BHS students navigate shift in Halloween norms

Theo Lemkin, Kate Wallan, Miguel Huhndorf-Lima, Holden Elias, Ty Walthall, and Kaleb Wagner pose in costume.
Sunny Bevis-Lipton
By Julia Brimmer, November 5th, 2022

“When I was younger, I'd go trick or treating with my family,” said Lilly Cobb, a sophomore at Berkeley High School, describing her unconventional Halloweens from years past. “We’d dress up in costumes, and then we'd get candy from strangers as one does. … Then, my parents would allow me to sell them the candy for 10 cents apiece to put out for children the following year, because they did not want (my sibling and I) to get very hyper.”

Today, Cobb doesn’t fully understand the hype around the holiday. She enjoys the general season of fall but could do without Halloween.

One of the most popular traditions surrounding the holiday is the practice of dressing up in a costume. On October 31, BHS took part in this tradition, kicking off the school’s Unity Week. 

“I'm gonna do corpse paint and (wear) a skeleton shirt, a gray sweater and look for the great pumpkin with my friends,” said BHS sophomore Scottie Hainsworth. Hainsworth didn’t dress up last year, and misses the nostalgia factor of wearing a costume.

Ethan Grimes, a junior at BHS, dressed up as a British educational YouTuber named Tom Scott this year, as he looks up to him and hopes to make similar content one day. He has always celebrated Halloween and loves being able to dress up as his favorite character every year.

Although Grimes wished he could go out and trick or treat, this year he had too much homework and instead passed out candy while reading books for school.    However, there are students at BHS that are not as interested in dressing up for Halloween. “It takes a lot of effort to find a costume that you like, and then everyone judges you for what you dress up as,” Cobb said. 

Grimes also noted that high school students are often busy and just don’t have the time to participate in dressing up or trick or treating like they used to.

“As I got older, Halloween seemed to creep up on me a bit more since I've been more busy with school work,” Grimes said.

Simone Schubert, a junior at BHS, is Jewish, and her family doesn’t participate in pagan holidays. 

Schubert recalled that even at her Jewish private school, many students still celebrated the holiday. They’d ask her what she was going to dress up as, and Schubert would have to say that she doesn’t celebrate Halloween.

Though she doesn’t celebrate Halloween in the traditional sense, Schubert is well-researched in the history of its roots, and loves many activities often associated with the holiday. She often uses Halloween as an excuse to have a sleepover with her friends, watch horror movies, and dress up, all of which she said she’d take any excuse to partake in.

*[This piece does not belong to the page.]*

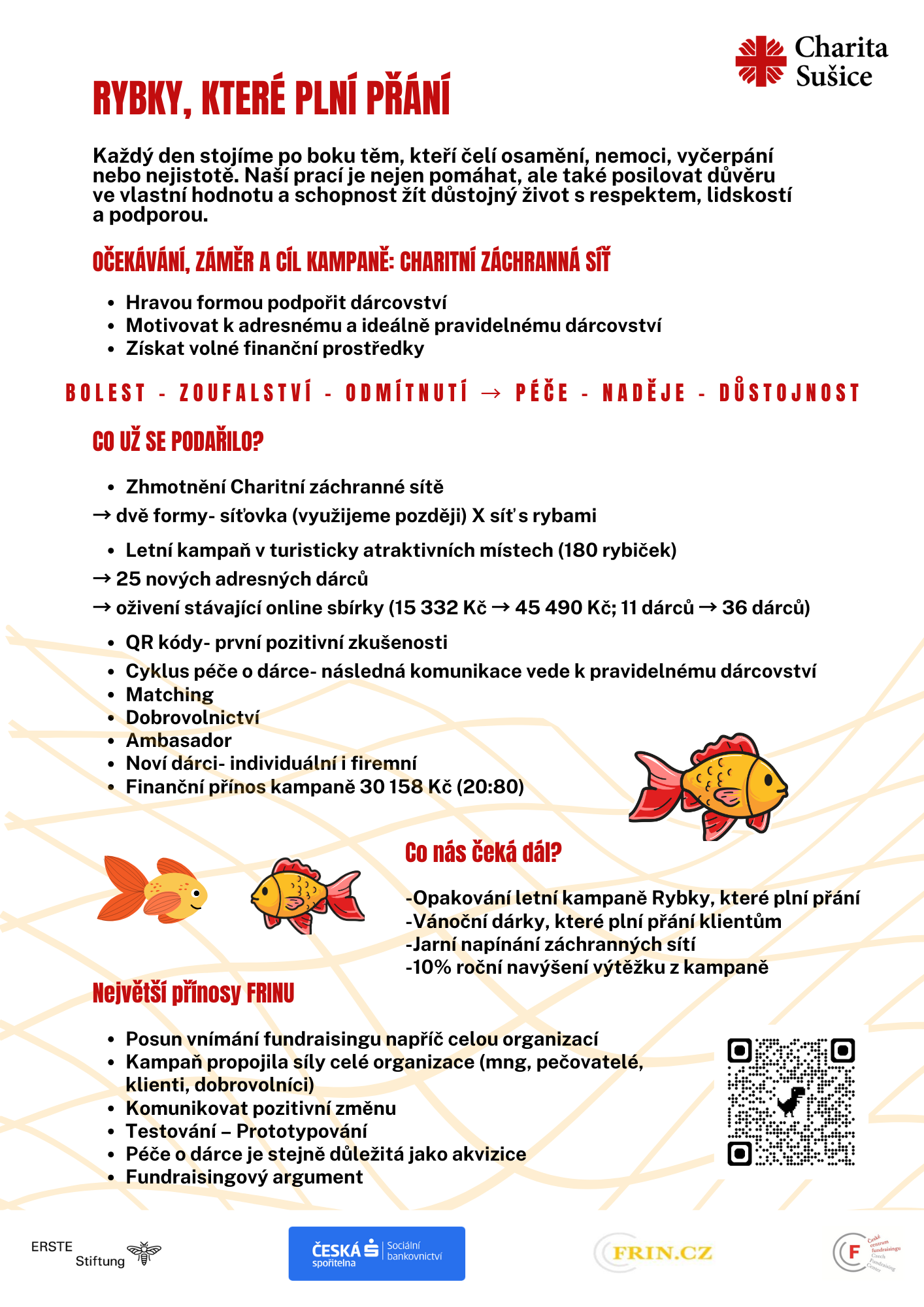 Součástí našich plánů je i společná kampaň s dlouholetým firemním partnerem, kde vidíme šanci dál rozvíjet individuální dárcovství. I tady chceme zkušenosti z FRINu naplno využít.

“I don't think I'm missing out on that much,” Schubert said. “I'm missing the same childhood memories as a lot of people, but I have Purim.” 

Purim is a Jewish holiday that takes place in late winter or early spring, celebrating the salvation of the Jewish people after a court official attempted to “annihilate all Jews in a single day.” One tradition of the celebration is children and adults dressing up in costumes.

As high school students transition to adulthood, there is often the question of whether or not teenagers should partake in certain aspects of Halloween. The line between what is for kids and what is not are often blurry, as there is no actual expiration date on a person’s participation in any holiday.

“I think that there’s an age where it switches (from) ‘I'm doing this because I'm a child,’ to ‘I'm doing this because my friends are all gonna dress up and I want to go out with my friends and do things’,” Cobb said.